Whole roasted cauliflower with tahini and harissa
This looks (slightly) like the maray disco cauliflower. Those who know it, will recognise it. BUT this is different. All the sauces are very different, and Maray’s cooking method are much more advanced than mine.
My cauliflower is steamed, with well salted water, then baked, to get the surface of the florets brown.
Now, the recipe looks like there are loads of different components, but once you have all the ingredients, all the sauces take about 10 minutes to whip up.
Method
Slice your cauliflower in half, and remove the leaves from the outside.
To a large saucepan, or steamer, add your water, and a generous pinch of salt.
Steam your cauliflower half for around 10 minutes, or until tender.

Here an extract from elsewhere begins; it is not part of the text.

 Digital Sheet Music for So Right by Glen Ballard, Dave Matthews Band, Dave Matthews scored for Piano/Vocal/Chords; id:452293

Remove your cauliflower from the heat, then leave to cool slightly.
Preheat your oven to 200°C, and start to mix together your sauces - for the tahini sauce, add everything to a small bowl, mixing well, and adjusting to taste. You want it to be a drizzly consistency. Do the same with the harissa. Leave your herb oil until last.

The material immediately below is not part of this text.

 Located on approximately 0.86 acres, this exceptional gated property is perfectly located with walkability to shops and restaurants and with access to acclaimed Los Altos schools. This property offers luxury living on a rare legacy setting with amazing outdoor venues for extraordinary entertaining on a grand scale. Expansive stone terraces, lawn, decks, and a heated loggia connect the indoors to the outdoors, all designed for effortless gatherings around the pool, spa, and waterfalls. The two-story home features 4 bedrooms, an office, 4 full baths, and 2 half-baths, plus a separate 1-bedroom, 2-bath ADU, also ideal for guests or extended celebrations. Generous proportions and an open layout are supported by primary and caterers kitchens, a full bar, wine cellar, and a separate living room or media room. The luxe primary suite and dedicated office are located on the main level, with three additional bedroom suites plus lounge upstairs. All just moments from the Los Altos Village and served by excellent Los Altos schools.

Before you make your herb oil, add your cauliflower to a small baking tray. Drizzle with olive oil, and rub the miso over the surface.

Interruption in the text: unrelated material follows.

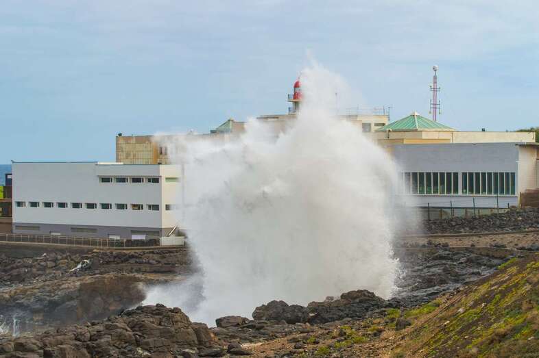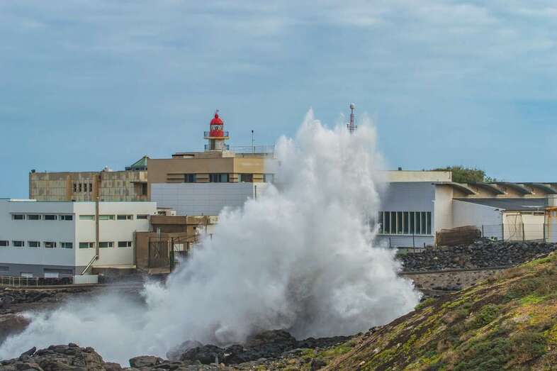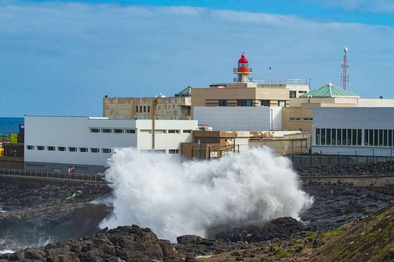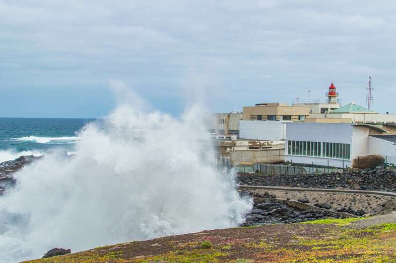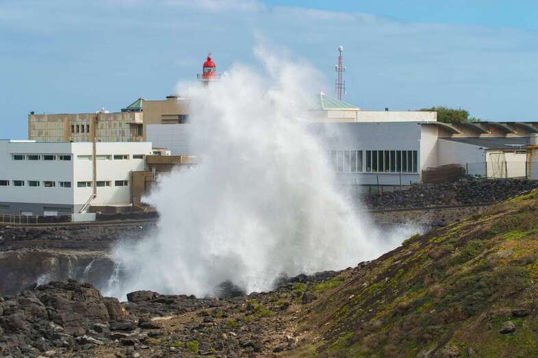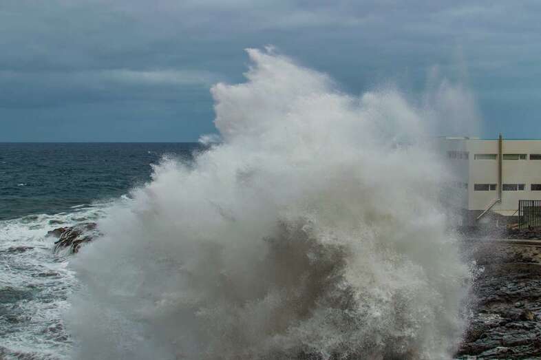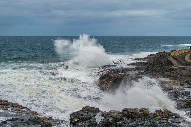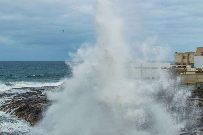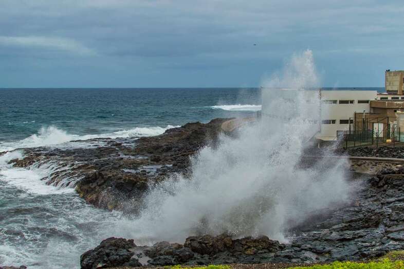 La fuerza del viento y las olas ofrecieron este fin de semana un espectáculo de montañas de agua en la zona costera del Castellano, en Taliarte-Telde, que fue captado por el colaborador Antonio Rico.

Bake your cauliflower for 10-15 minutes, or until it’s slightly browned.
In the meantime, chop your coriander, spring onions and parsley finely, and mix with the rest of the herb oil ingredients, or blend.
Once the cauliflower is done, plate up. Drizzle over each of your sauces, and top with toasted flaked almonds, pomegranate seeds, if you have them, and chopped fresh herbs.
Notes + Variations:
You could also cook this in the airfryer - i’d do it for 10-15 minutes, or until the cauliflower starts to brown.